Alteration of the co‐expression networks associated with disrupted genes. (a, b) Comparison of expression levels between disrupted and conserved genes in G. hirsutum and G. barbadense. Leaf, root, stem, 5‐DPA (days post anthesis) ovule, 10‐DPA ovule and 10‐DPA fibre were selected as representative tissues. Centre line, median; box limits, upper and lower quartiles; whiskers, 1.5× the interquartile range; and dots, outliers (***p < 0.001, ** p < 0.01 and * p < 0.05, two‐tailed t test). (c) Network rewiring between homoeologous genes. Homoeologous genes may have common and unique connections (arrows). Pairs were grouped into whole‐share (left), part‐share (middle) and zero‐share (right) classifications based on the proportion of common connections. Dashed lines indicate homoeologous gene pairs. Shared network proportions between A and D orthologous genes in G. hirsutum and G. barbadense. The y‐axis represents shared connections between homoeologs, and the x‐axis, gene type (double, double‐disrupted genes; single, single‐disrupted genes; and non, conserved genes). Centre line, median; box limits, upper and lower quartiles; whiskers, 1.5× the interquartile range; and dots, outliers. (d) Expression patterns of genes in the fibre‐associated module. In the heatmap, red indicates up‐regulated genes, black indicates neutral genes, and green indicates down‐regulated genes. Bar plots show eigengene values (i.e. the first principal component) calculated from the singular value composition. (e) Gene Ontology enrichment analysis results for genes in the fibre‐associated module. (f) Global co‐expression network of a homoeologous gene pair (GhNPLA1) in the fibre‐associated module. Each dot represents a connected gene.

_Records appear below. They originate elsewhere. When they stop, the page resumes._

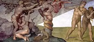واختار ميكيلانجلو مشاهدا من الإنجيل ونظمها في فريسكو يغطي ظل سقف الكنيسة ، ومن ضمنها لوحة خلق آدم الشهيرة و آدم وحواء والشجرة ، أما لوحة الحساب الأخير في مرسومة على أحد الجدران.[2][3]
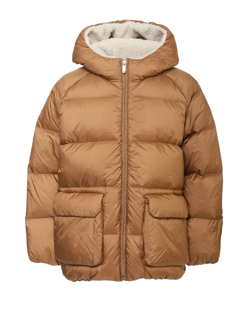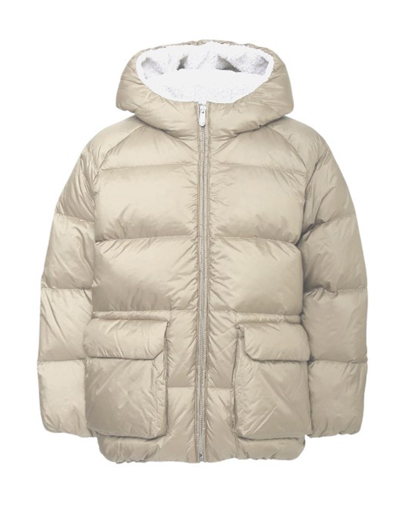 Bomber jacket for kids, patch pockets, fixed hood, zip fastening.
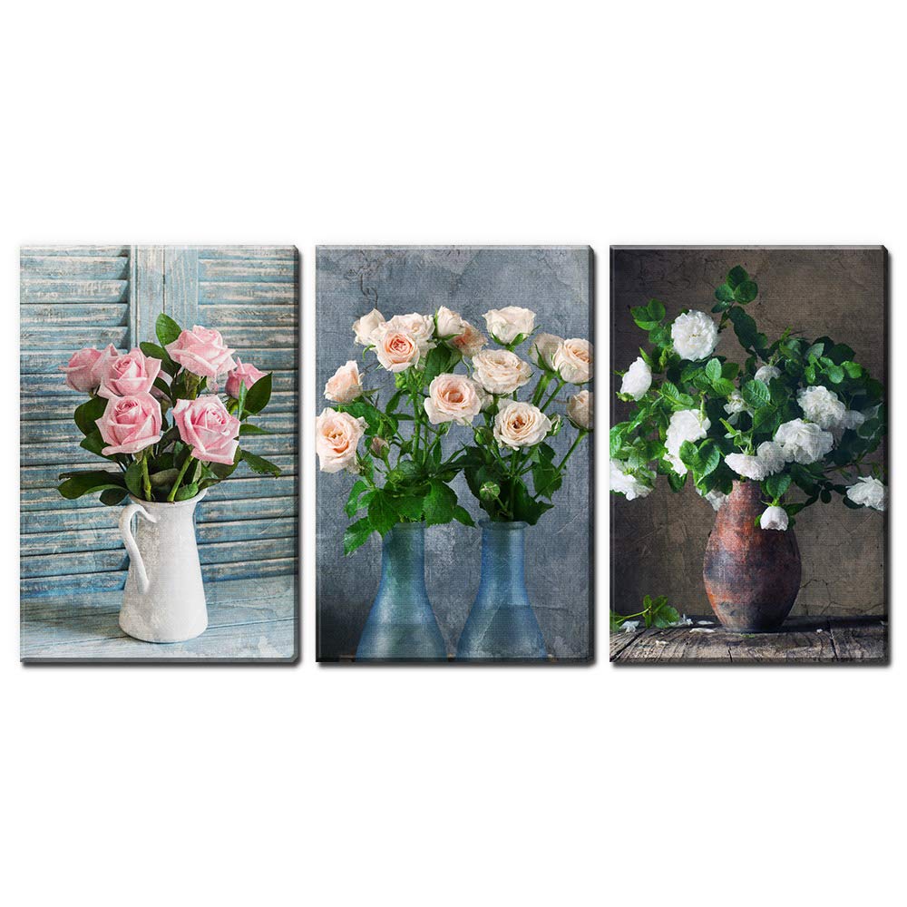 3 Panel Canvas Wall Art - Vintage Style White and Pink Roses - Giclee Print Gallery Wrap Modern Home Art Ready to Hang - 24"x36" x 3 Panels

Most disrupted genes (96.39% in G. hirsutum and 96.87% in G. barbadense) were found to be transcribed in the examined tissues. This raises a question as to whether a disrupted gene affects the functional networks of transcripts. To examine this possibility, we selected the homoeologous gene pairs with a disrupted gene and constructed their interaction networks using weighted gene co‐expression network analysis (WGCNA) using 20 tissues from G. hirsutum and G. barbadense, respectively (Table S3). In quantifying the alterations in regulatory networks, we proposed three possible shared network patterns to exist between the A and D subgenomes: whole‐share (index = 100%), part‐share (0% < index <100%) and zero‐share (index = 0%) (method adapted from Arsovski et al., 2015; Figure 2c). The homoeologous gene pairs were classified as either single‐disrupted or double‐disrupted depending on whether disruption occurred in only one subgenome or in both subgenomes when considering one‐to‐one homoeolog genes. The comparisons included 304 and 289 double‐disrupted genes and 3631 and 3515 single‐disrupted genes in G. hirsutum and G. barbadense, respectively (Table S4). The double‐disrupted genes showed significantly lower correlation coefficients (G. hirsutum = 0.57, G. barbadense = 0.58) than either single‐disrupted genes (G. hirsutum = 0.64; G. barbadense = 0.65, P < 2.2e‐16) or conserved genes (G. hirsutum = 0.71; G. barbadense = 0.71, P < 2.2e‐16) (Figure S4).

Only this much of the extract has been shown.